Time: 15:00-16:30, May. 13th, 2022

Platform: Zoom

Speaker: Frank Neffke

(Harvard University)

Link: https://us06web.zoom.us/j/81626164288?pwd=Zmp1VG41dXF0by9UZTBRVkxSbjJWZz09

Meeting ID: 816 2616 4288

Passcode: inse

 

Abstract:

How do return migrants from the US to Mexico affect local workers? Return migrants increase the local labor supply, potentially hurting local workers. However, having been exposed to the technologically advanced US economy may also lead to knowledge transfers that benefit non-migrants. Using an instrument based on involuntary return migration, we find that, whereas workers who share returnees' occupations experience a fall in wages, workers in other occupations see their wages rise. These effects are, however, transitory and restricted to the city-industry receiving the returnees. In contrast, returnees permanently alter a city’s long-run industrial composition, by raising employment levels in the local industries that hire them.

 

Speaker:

 

 

Professor Frank Neffke has been a team leader at the Complexity Science Hub Vienna since July 2021. Before joining the Hub, Frank was the Growth Lab's Research Director at the Harvard Kennedy School.
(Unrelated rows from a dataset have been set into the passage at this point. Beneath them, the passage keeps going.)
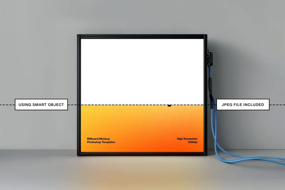 Neon Box Billboard Mockup with Cable
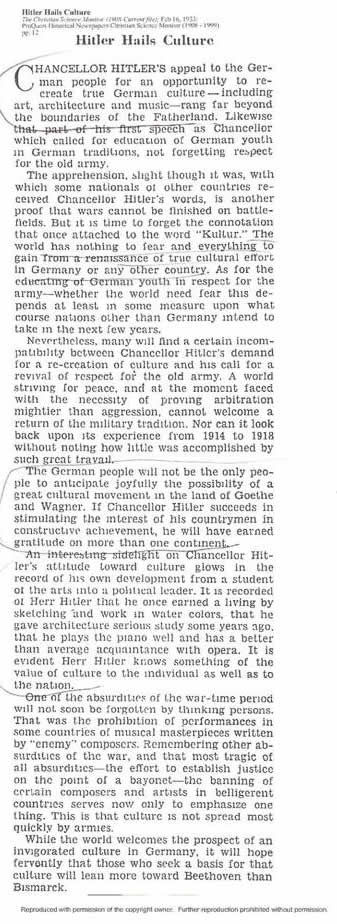 “An interesting sidelight on Chancellor Hitler’s attitude toward culture glows in the record of his own development from a student of the arts into a political leader. It is recorded of Herr Hitler that he once earned a living by sketching and work in water colors, that he gave architecture serious study some years ago, that he plays the piano well and has a better than average acquaintance with opera. It is evident Herr Hitler knows something of the value of culture to the individual as well as to the nation….”
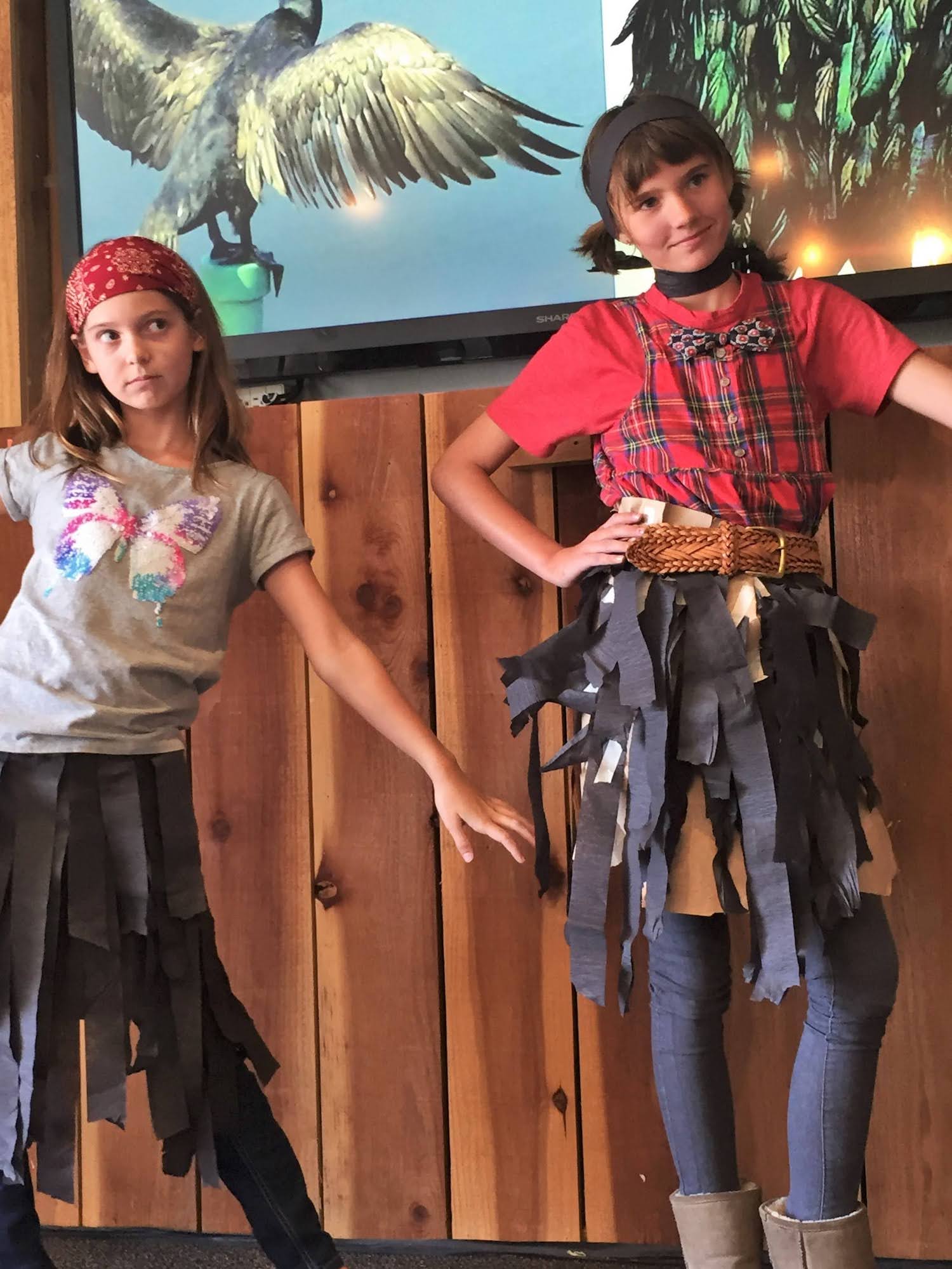 This activity emulates and emphasizes Karana's ability to make the most of what she had on hand. While we didn't want the kids to make an actual feather-skirt, for many reasons, we did want to honor her resourcefulness, ingenuity, and desire for beauty. So we had our kids design their own skirts in teams, giving each team 15 minutes to dress their model using black crepe paper, masking tape, and whatever they could grab from a pile of belts, ties, sashes, and other waistband materials.
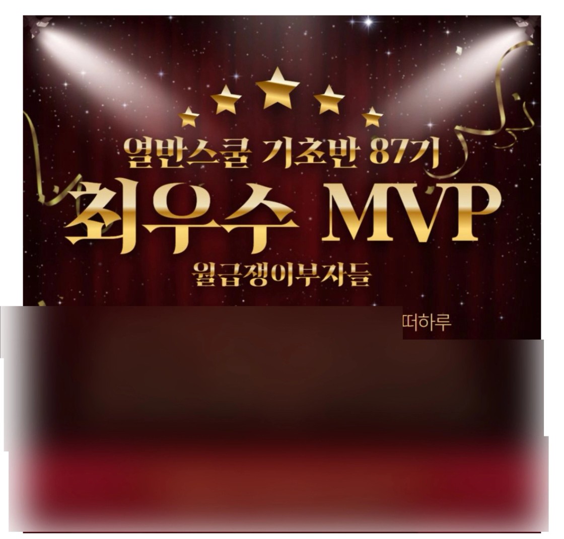 강의 1개만 딱 도전해보자!! 하고 열반기초반을 듣게 되고 너바나님의 오프강의에 초대되어 강의를 듣고 충격에 벗어나오지 못했습니다. 열기의 강의가 이걸로 나도 인생을 바꿔야겠다라는 터닝포인트가 되었고, 첫 강의에서 좋은 동료들을 만나 많은 도움을 받고 MVP에 선정되었습니다. (그렇게 강제로 월부에 멱살잡혀 강의를 매달 듣게 되는 상황이 되어버렸죠..ㅎㅎㅎ;;)
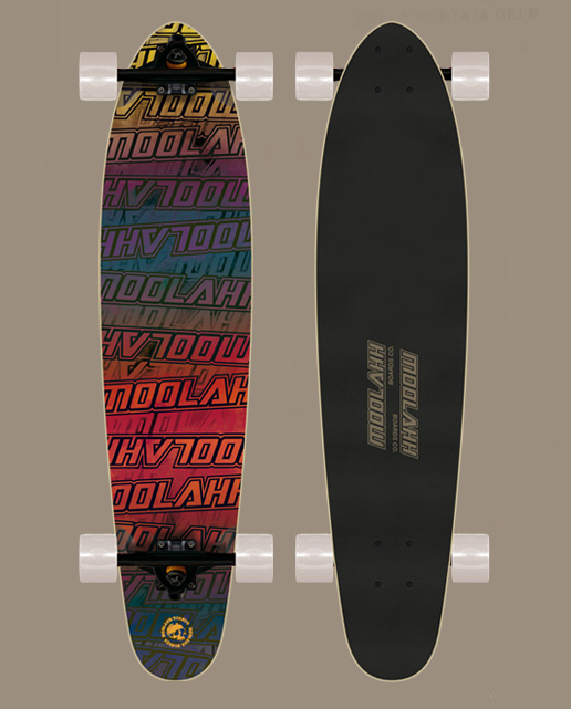 Línea Summer time by Moolahh Boards. Tablas de longboard truck mounted con kicktail shape y trucks invertidos. Son, por su tamaño y forma, cruisers ideales para salir a disfrutar de un paseo relajado.

He joined the Growth Lab at Harvard's Center for International Development as a Research Fellow in 2012. His research focuses on economic transformation and growth, from the macro-level of structural change in regional and national economies to the micro-level of firm diversification and the career paths of individuals. This research has shed light on topics ranging from structural transformation and new growth paths in regional economies, economic complexity and the role of cities, local labor markets, the importance of division of labor, human capital and teams in modern economies, the consequences of job displacement and the future of work. Before joining CID, Frank worked as an assistant professor at the Erasmus School of Economics in Rotterdam, The Netherlands. He holds a Ph. D. in Economic Geography from Utrecht University in 2009.